From the material below, copy exactly the lines beginning with the one that contains "Худи на каждый" and ending with the one that contains "Zum Set gehören"; the pictures stay out.

* SOURCE INFORMATION
========

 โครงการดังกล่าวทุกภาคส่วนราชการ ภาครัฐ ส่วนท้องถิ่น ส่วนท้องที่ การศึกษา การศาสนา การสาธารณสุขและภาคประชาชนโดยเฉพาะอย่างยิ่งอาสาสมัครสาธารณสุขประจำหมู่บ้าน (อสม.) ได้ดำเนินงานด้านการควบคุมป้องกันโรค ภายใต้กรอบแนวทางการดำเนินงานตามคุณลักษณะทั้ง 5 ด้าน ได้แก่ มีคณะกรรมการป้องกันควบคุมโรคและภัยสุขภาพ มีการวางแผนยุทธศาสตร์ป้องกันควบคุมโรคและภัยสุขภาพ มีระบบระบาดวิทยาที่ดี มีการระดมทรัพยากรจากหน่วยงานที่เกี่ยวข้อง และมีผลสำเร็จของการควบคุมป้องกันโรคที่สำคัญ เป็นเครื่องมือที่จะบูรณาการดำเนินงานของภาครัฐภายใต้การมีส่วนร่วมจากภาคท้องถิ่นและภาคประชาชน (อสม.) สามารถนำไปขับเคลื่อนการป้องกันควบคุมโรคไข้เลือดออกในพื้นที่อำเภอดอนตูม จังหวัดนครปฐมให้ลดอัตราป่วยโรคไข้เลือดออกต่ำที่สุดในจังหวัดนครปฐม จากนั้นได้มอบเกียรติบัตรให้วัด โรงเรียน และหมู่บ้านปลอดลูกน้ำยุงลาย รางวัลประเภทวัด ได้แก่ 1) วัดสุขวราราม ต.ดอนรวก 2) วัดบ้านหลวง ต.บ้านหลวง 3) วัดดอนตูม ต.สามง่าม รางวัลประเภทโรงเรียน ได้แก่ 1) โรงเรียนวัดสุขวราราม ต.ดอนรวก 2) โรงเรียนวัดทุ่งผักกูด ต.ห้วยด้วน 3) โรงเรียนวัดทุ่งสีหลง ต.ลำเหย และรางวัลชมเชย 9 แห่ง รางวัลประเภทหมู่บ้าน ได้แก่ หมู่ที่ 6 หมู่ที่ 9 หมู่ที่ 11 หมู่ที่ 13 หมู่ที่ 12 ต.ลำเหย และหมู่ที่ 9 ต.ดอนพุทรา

========

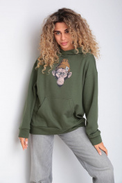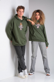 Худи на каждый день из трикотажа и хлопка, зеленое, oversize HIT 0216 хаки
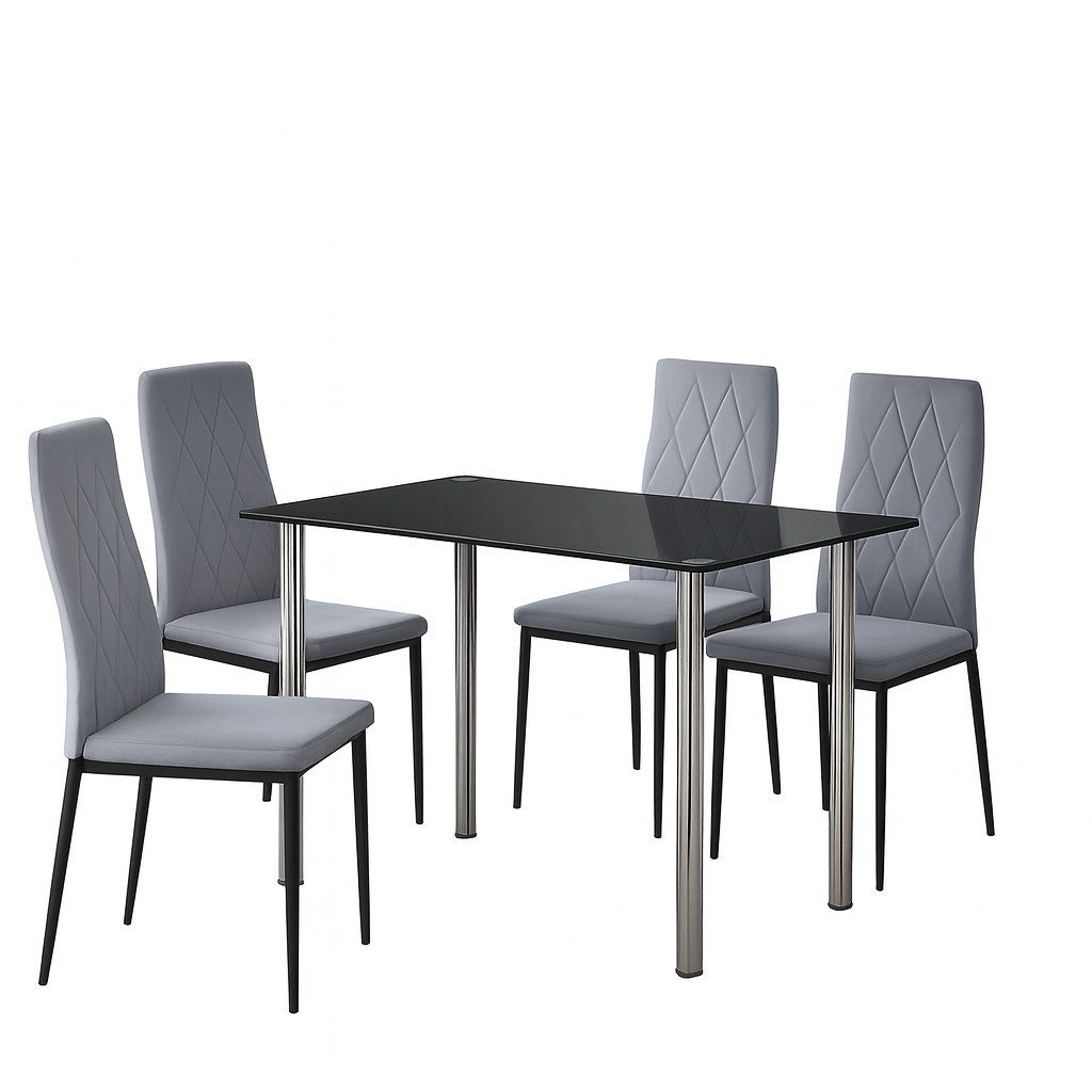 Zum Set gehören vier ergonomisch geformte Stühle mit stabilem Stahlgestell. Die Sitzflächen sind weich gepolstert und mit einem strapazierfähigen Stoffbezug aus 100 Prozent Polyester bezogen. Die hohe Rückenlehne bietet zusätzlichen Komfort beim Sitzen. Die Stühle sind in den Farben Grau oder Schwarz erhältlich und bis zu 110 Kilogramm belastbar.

========

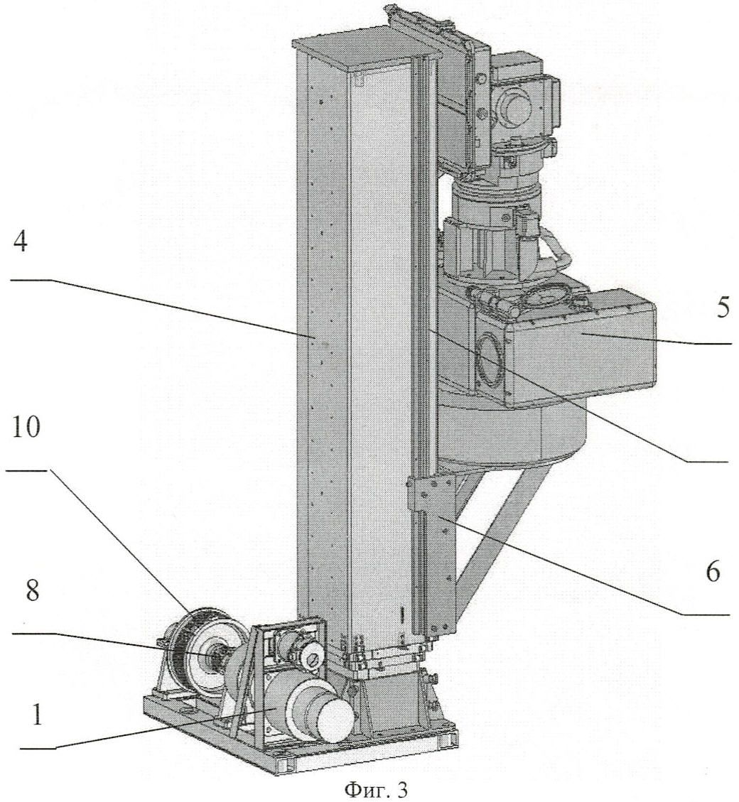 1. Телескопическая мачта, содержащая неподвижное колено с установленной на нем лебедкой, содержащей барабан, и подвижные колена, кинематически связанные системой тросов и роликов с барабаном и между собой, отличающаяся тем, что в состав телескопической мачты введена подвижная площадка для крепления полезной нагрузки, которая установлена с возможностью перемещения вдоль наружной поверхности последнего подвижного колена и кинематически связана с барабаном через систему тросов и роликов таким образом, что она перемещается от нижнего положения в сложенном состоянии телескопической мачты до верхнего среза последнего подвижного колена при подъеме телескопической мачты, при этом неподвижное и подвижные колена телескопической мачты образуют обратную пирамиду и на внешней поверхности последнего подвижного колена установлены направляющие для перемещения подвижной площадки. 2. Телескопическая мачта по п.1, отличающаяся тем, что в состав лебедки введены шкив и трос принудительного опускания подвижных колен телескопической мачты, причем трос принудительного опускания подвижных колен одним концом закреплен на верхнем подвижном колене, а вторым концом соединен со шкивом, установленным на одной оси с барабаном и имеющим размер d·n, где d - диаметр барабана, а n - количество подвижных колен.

========

* WRITTEN ANSWER
 Худи на каждый день из трикотажа и хлопка, зеленое, oversize HIT 0216 хаки
 Zum Set gehören vier ergonomisch geformte Stühle mit stabilem Stahlgestell. Die Sitzflächen sind weich gepolstert und mit einem strapazierfähigen Stoffbezug aus 100 Prozent Polyester bezogen. Die hohe Rückenlehne bietet zusätzlichen Komfort beim Sitzen. Die Stühle sind in den Farben Grau oder Schwarz erhältlich und bis zu 110 Kilogramm belastbar.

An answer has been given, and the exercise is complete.